Intel says its Gaudi2 accelerator is greater than a fit for the Nvidia A100

Posted on

Briefly: Intel has drummed up a contention between its new Gaudi2 accelerator and the now two-year-old marketplace chief, the Nvidia A100. In two benchmarks suited for its area of interest, the brand new gaudily-named accelerator pulls out forward.

Gaudi2 is made for Intel by means of Habana Labs, an Israeli corporate that it bought on the finish of 2019 for $2 billion. Habana in reality makes two forms of specialised accelerators: some for coaching neural networks, like Gaudi2; and others for operating (i.e., “inferencing”) them, equivalent to Goya and Greco.


Habana and Intel introduced Gaudi2 in Would possibly however waited till closing week to add its benchmark ratings into the general public MLPerf database. Of their graphs, they evaluate the ratings in their Gaudi2 machine in opposition to the general public ratings of A100-equipped programs from Nvidia and Dell.

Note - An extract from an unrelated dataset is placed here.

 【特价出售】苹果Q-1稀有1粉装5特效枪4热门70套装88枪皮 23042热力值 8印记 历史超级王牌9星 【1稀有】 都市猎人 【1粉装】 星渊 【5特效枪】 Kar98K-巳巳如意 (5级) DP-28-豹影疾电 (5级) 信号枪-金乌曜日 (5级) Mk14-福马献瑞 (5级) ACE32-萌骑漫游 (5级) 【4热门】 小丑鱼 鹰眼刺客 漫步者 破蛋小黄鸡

ResNet-50 exams {hardware}’s skill to coach an AI to categorise photographs. Habana’s Gaudi2 machine took simply 18 mins to coach the AI smartly sufficient for it to move the take a look at, simply surpassing Nvidia’s A100 machine, which wanted virtually part an hour.

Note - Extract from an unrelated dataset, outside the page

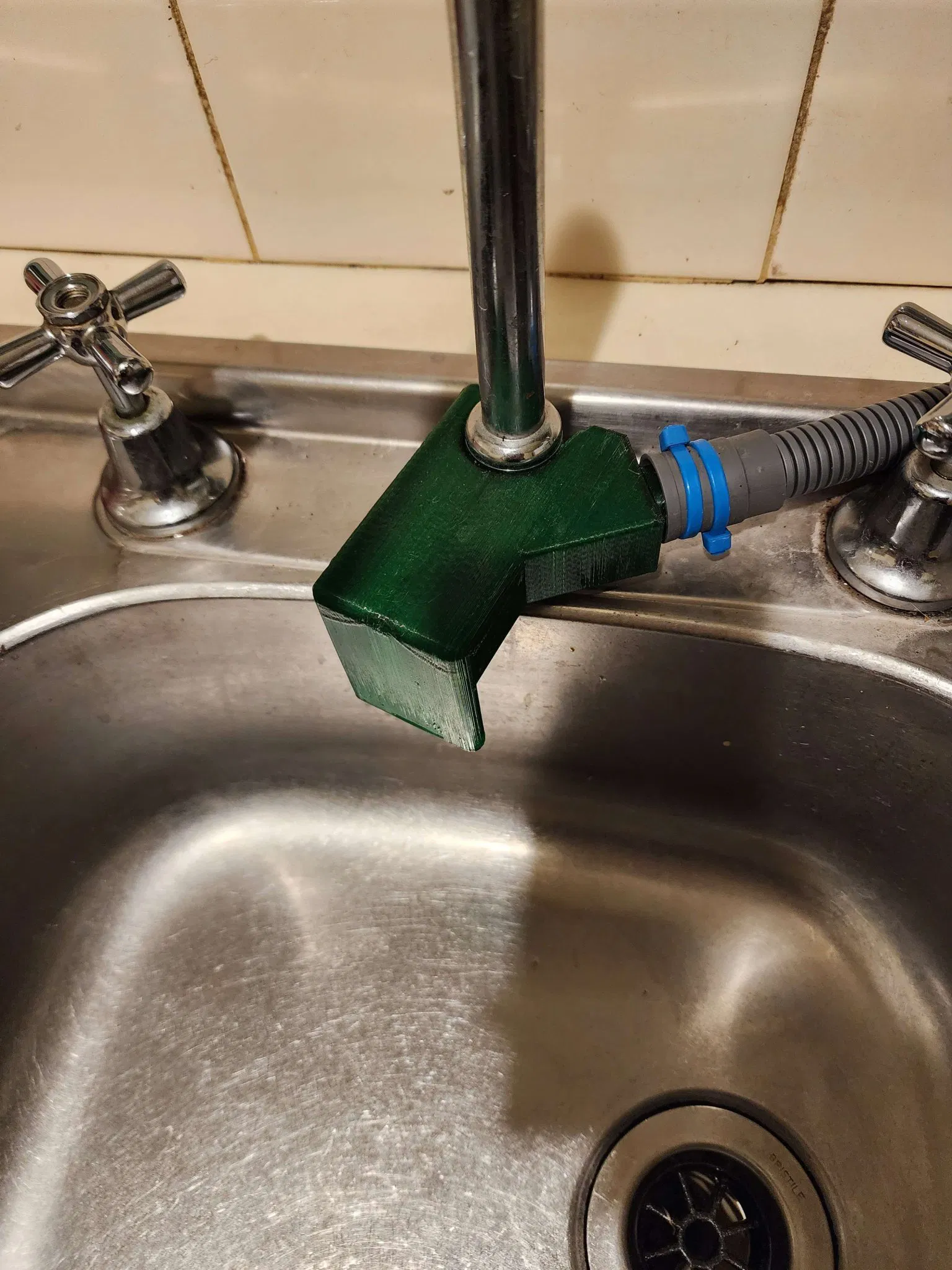 Tôi đã làm một bộ chuyển đổi thoát nước để trượt qua vòi nước bồn rửa 30mm và kết nối với ống máy rửa chén tiêu chuẩn. Tôi đã làm điều này vì máy rửa chén để bàn của chúng tôi không có cách nào để thoát nước bẩn mà không khoan lỗ trên bàn để gắn vào ống thoát nước bồn rửa, vì chúng tôi sống trong một căn hộ cho thuê, điều này sẽ không được phép và đây là giải pháp của tôi. Tôi đã làm nó từ PETG nên nó có thể chịu được nhiệt độ và chất tẩy rửa mà máy rửa chén phát ra. Cho đến nay, nó vẫn hoạt động tốt trong một tháng mà không có dấu hiệu nào cho thấy nhựa bị suy giảm. Tôi gợi ý nên in đặc hoặc ít nhất là làm cho nó có các bức tường dày để bộ phận không bị đầy nước theo thời gian. Hy vọng ai đó có vấn đề tương tự sẽ thấy điều này hữu ích.

Habana’s Gaudi2 machine took simply 17 mins to coach the BERT style, beating Nvidia’s A100 machine’s time by means of a few minute. BERT is a herbal language processing style, and on this take a look at, it trains itself with Wikipedia articles.

For each benchmarks, all of the programs used 8 accelerators/GPUs. Habana’s machine paired theirs with a couple of 40-core Intel Xeon 8380 CPUs and Nvidia’s used two 64-core AMD Epyc 7742 CPUs.


Gaudi2 options 24 TPCs (tensor processor cores) and two MMEs (matrix multiplication engines) that run partly in parallel. It helps a extensive array of knowledge varieties, together with FP32, TF32, BF16, FP16, and FP8. It additionally has a devoted media engine for processing audio and visible media as inputs.

For reminiscence, Gaudi2 has six 16 GB stacks of HBM2e that sum to 96 GB and a couple of.45 TB/s of overall reminiscence bandwidth. Inside of, it has a 48 MB cache. For connectivity, it makes use of an x16 PCIe 4.0 connection and has 24x 100 Mbps RoCE2 (RDMA over Converged Ethernet 2) ports.


Habana has obviously created an actual A100-competitor for Intel. Its timing may well be higher, for the reason that Nvidia introduced the H100 3 months in the past, however the two are such other merchandise that despite the fact that they could compete in benchmarks, they won’t in point of fact be competing for motherboard slots.

While the A100 and H100 are flexible behemoths, Gaudi2 is a streamlined accelerator seeking to do one thing other, and it’s going to be attention-grabbing to look whether or not it is a hit or now not.

Leave a Reply

Your email address will not be published.